Work item:
Leave out the pictures and print precisely the lines from the line with "Personalized Multicolour 1-3" to the final line of the entries, both ends included.

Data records
--*--

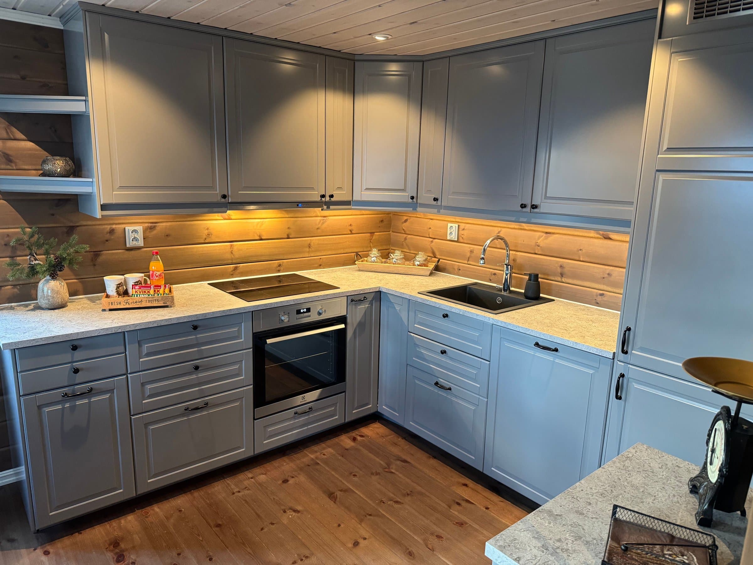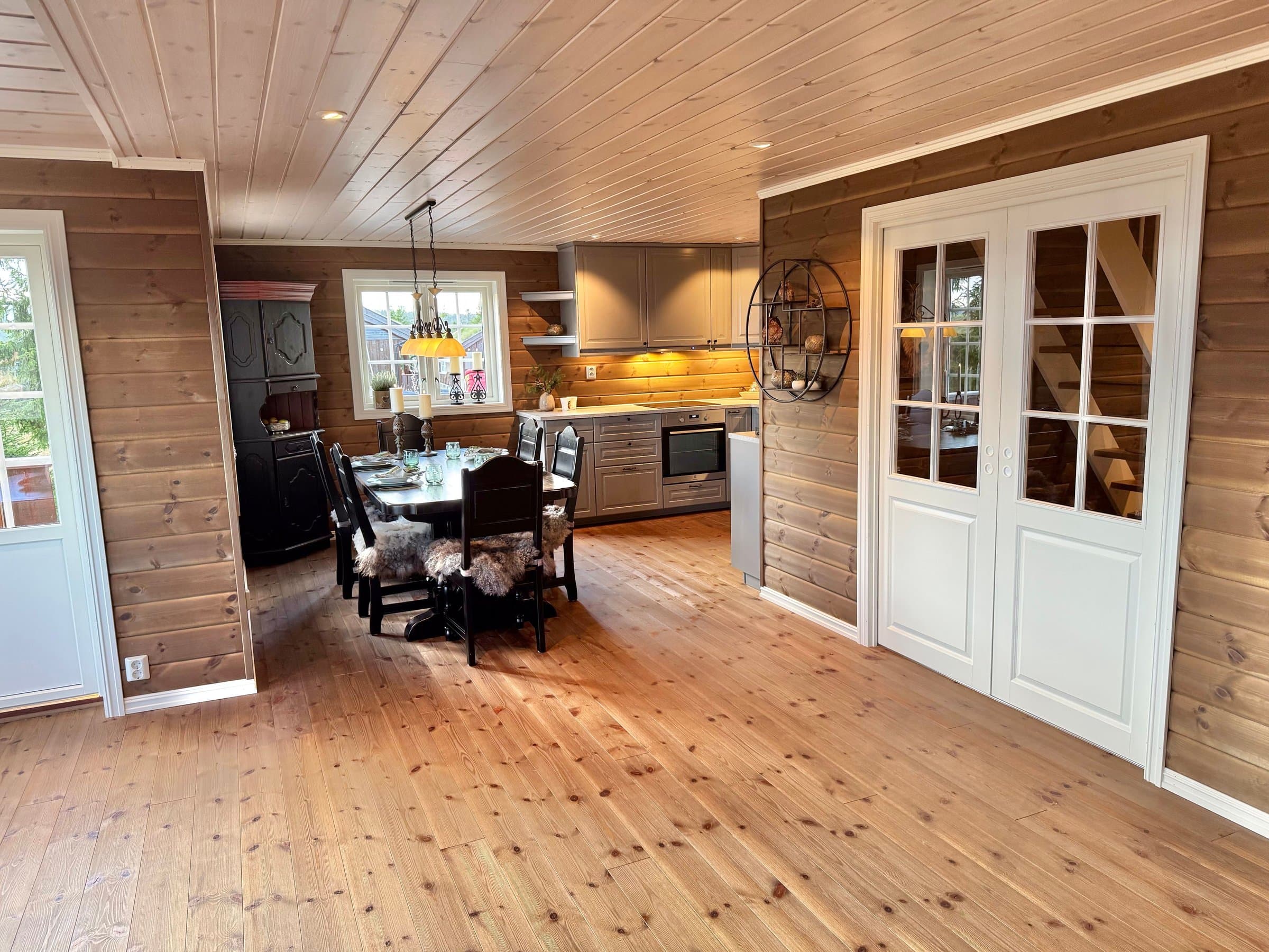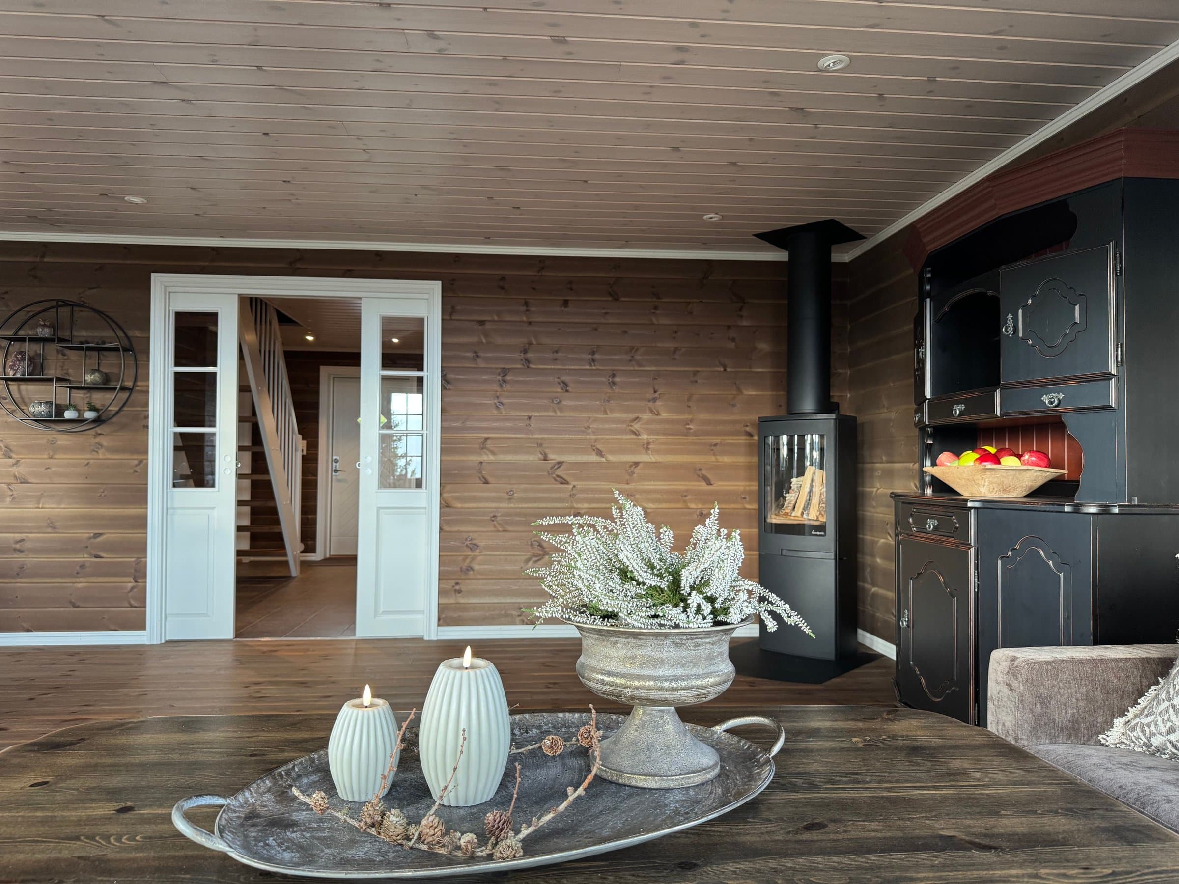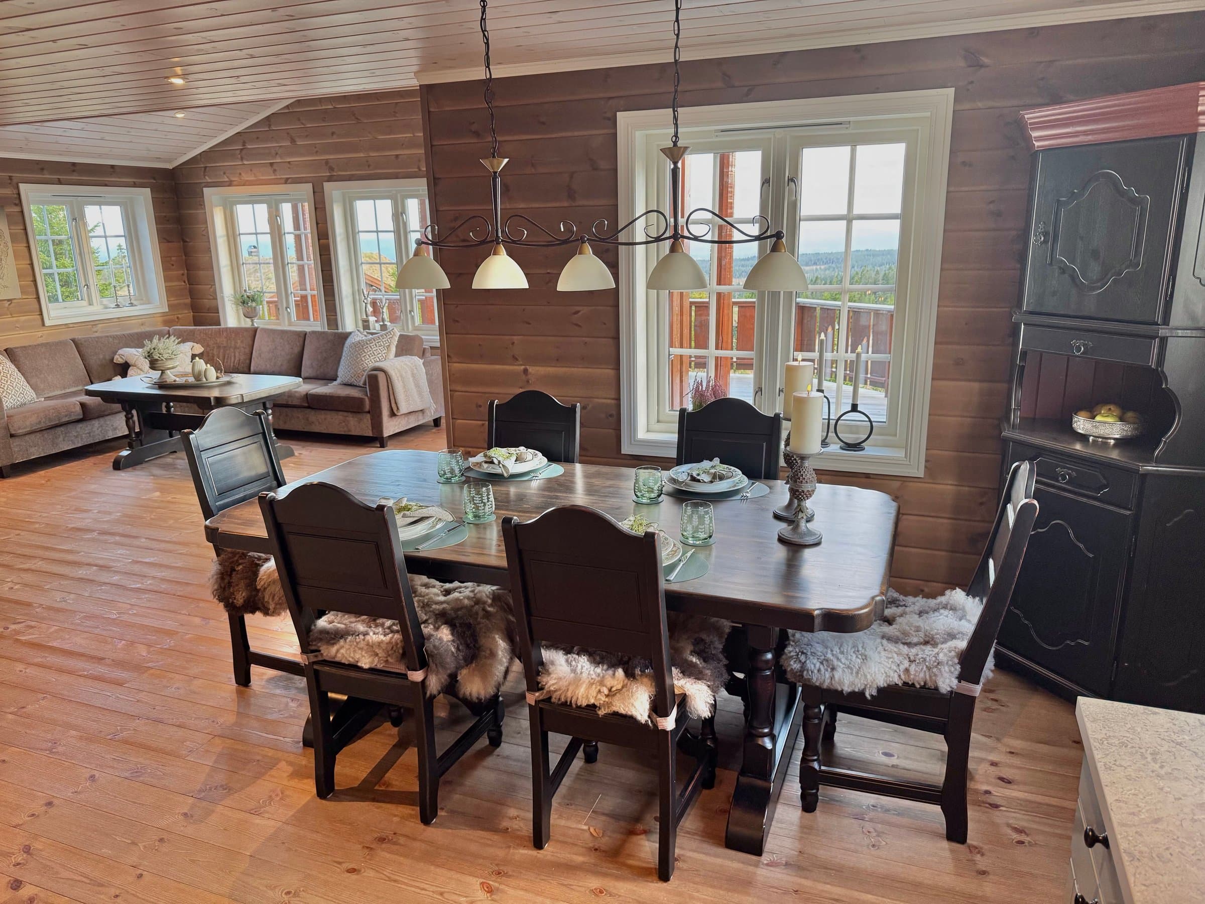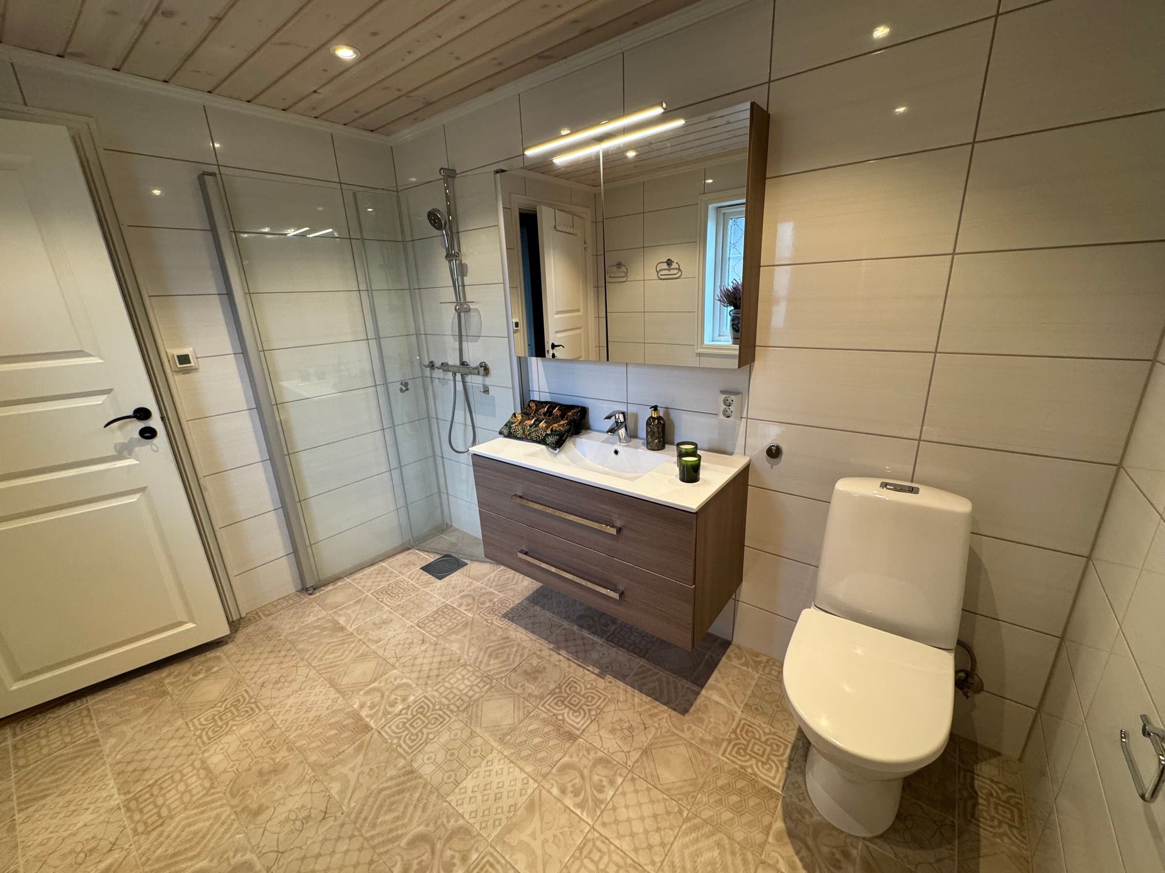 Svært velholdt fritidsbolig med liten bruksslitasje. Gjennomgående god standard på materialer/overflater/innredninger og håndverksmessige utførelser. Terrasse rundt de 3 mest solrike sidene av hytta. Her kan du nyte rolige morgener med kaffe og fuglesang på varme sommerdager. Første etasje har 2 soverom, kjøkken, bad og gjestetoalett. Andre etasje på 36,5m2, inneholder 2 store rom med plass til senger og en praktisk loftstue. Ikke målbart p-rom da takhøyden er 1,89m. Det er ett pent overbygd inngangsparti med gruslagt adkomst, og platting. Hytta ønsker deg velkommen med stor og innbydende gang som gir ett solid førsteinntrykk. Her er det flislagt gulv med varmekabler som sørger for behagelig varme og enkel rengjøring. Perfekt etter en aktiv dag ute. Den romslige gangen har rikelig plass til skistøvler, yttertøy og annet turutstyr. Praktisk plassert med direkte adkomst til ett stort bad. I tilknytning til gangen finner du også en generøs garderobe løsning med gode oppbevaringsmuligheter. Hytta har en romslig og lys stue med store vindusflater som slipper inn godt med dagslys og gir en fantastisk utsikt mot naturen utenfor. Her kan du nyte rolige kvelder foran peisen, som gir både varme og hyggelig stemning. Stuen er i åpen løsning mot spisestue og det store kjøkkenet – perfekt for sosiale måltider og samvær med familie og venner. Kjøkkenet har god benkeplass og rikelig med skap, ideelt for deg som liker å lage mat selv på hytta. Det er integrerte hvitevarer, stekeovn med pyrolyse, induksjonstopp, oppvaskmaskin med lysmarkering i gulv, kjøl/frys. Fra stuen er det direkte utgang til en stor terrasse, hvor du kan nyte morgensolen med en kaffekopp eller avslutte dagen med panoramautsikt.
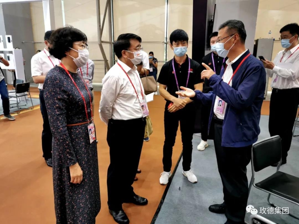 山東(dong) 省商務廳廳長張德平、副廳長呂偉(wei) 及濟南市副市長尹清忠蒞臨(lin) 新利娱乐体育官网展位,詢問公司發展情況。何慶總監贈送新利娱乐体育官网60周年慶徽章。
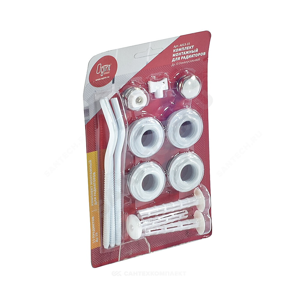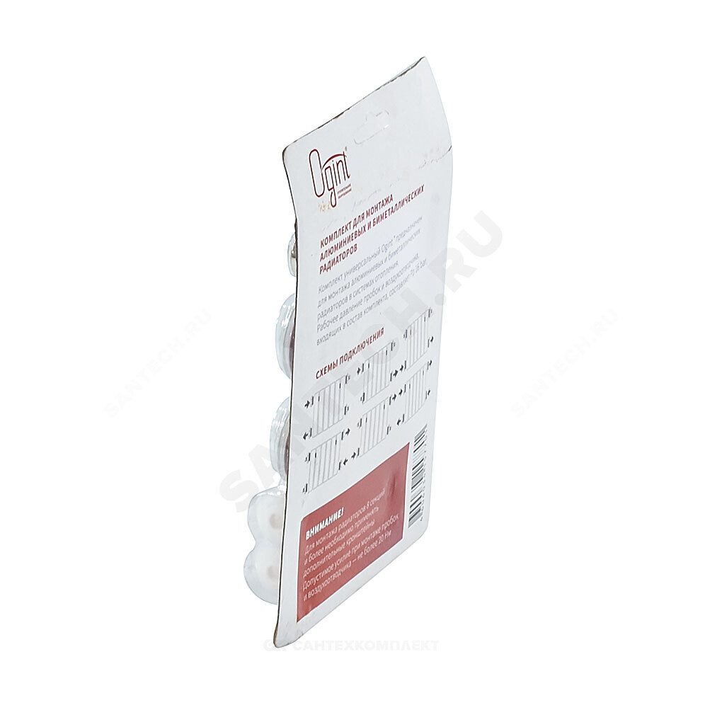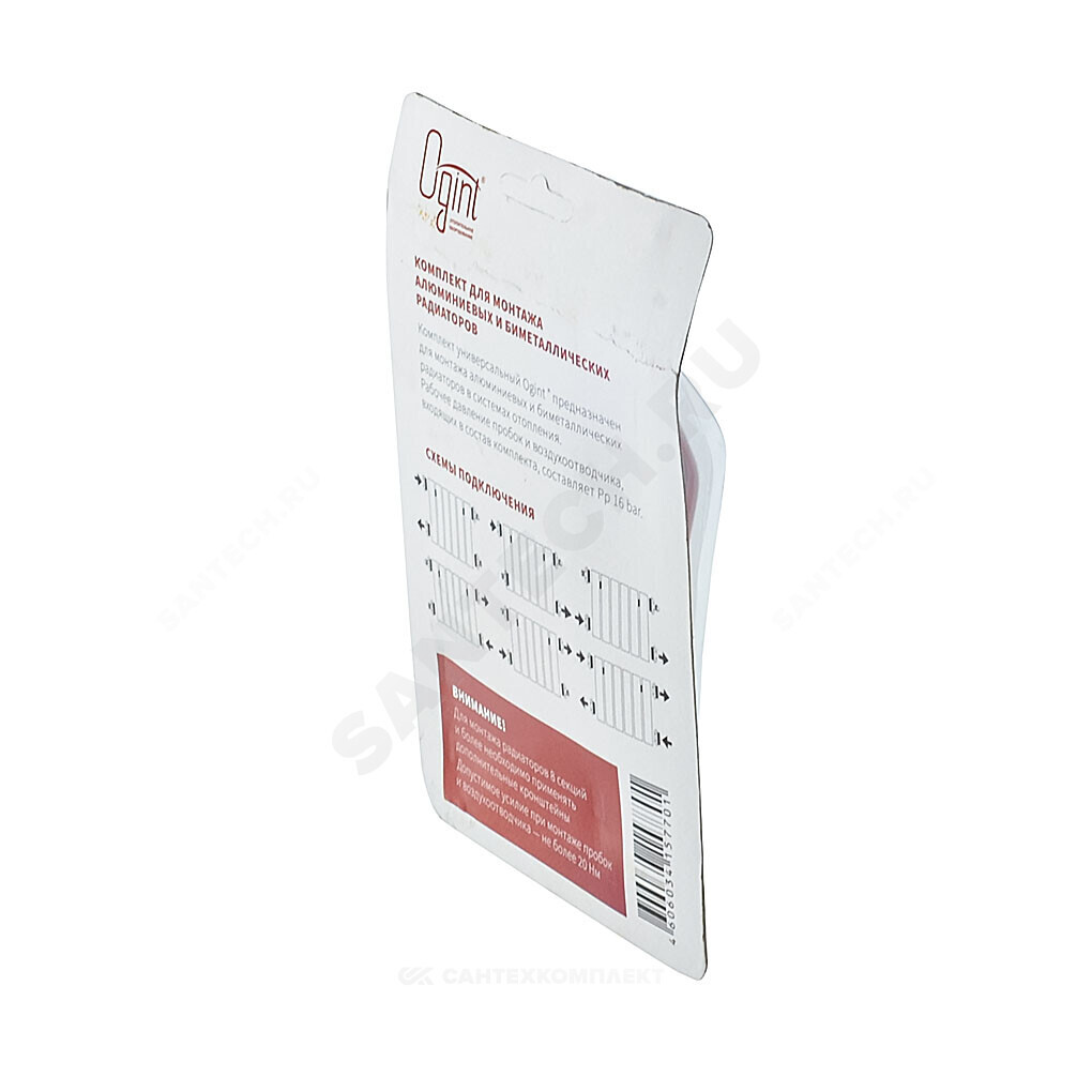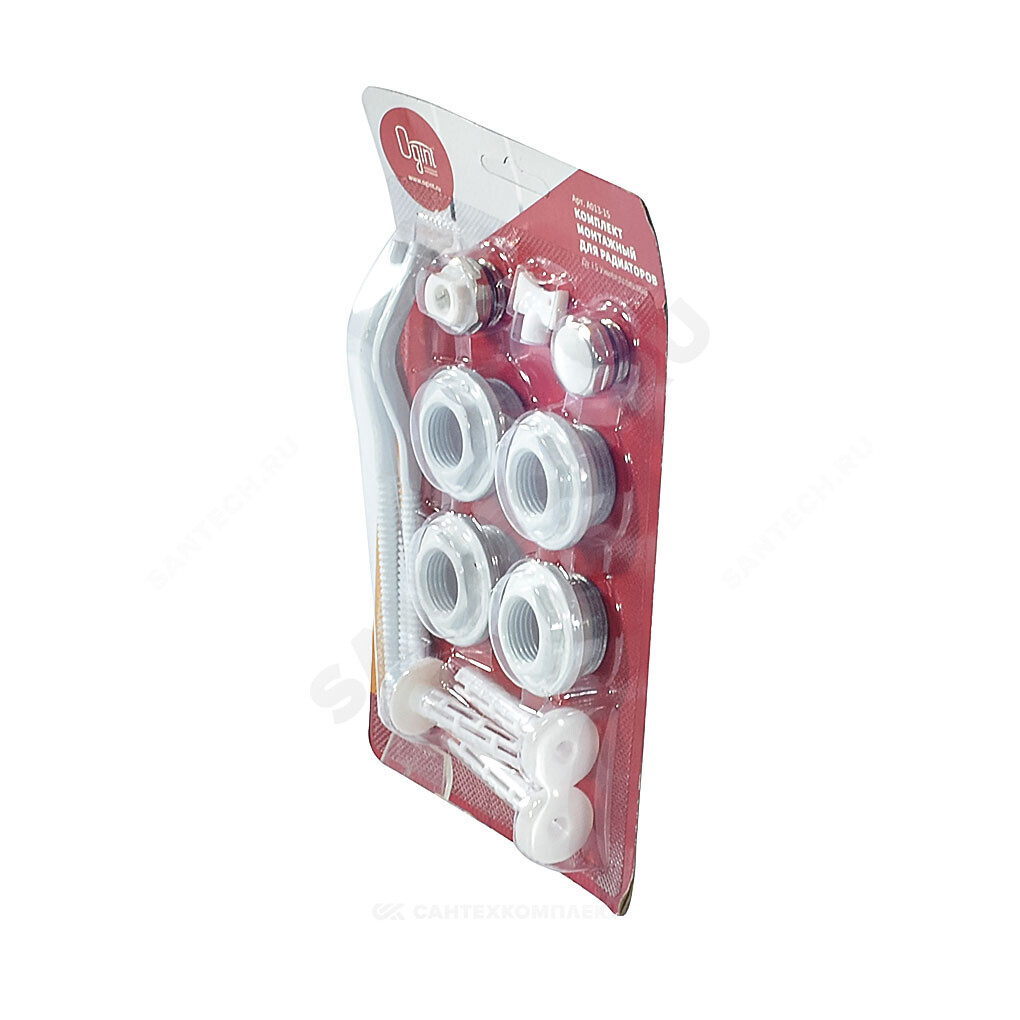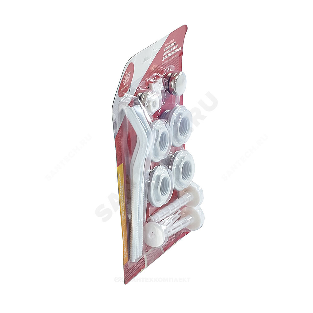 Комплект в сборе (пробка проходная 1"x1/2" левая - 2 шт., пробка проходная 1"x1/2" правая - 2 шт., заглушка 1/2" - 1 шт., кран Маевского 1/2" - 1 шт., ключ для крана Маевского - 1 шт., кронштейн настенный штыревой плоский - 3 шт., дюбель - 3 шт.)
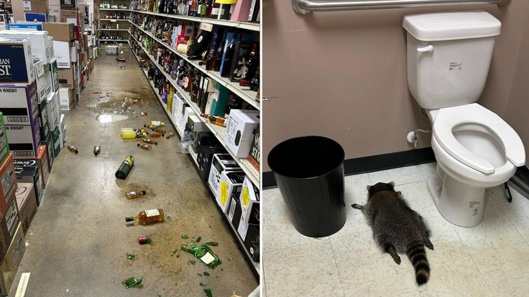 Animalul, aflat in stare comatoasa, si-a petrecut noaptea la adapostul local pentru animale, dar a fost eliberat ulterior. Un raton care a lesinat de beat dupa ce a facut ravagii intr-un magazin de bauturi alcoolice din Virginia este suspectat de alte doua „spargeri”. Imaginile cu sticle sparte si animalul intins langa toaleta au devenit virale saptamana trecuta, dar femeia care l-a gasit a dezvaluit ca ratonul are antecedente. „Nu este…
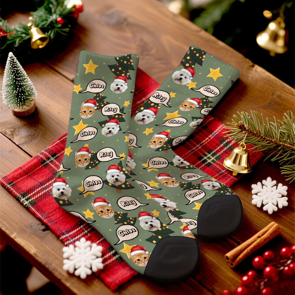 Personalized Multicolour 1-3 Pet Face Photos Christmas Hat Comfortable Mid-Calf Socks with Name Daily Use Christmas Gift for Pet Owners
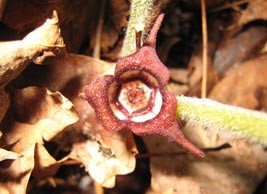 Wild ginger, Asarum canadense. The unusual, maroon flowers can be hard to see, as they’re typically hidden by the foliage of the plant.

--*--

Answer to the exercise:
 Personalized Multicolour 1-3 Pet Face Photos Christmas Hat Comfortable Mid-Calf Socks with Name Daily Use Christmas Gift for Pet Owners
 Wild ginger, Asarum canadense. The unusual, maroon flowers can be hard to see, as they’re typically hidden by the foliage of the plant.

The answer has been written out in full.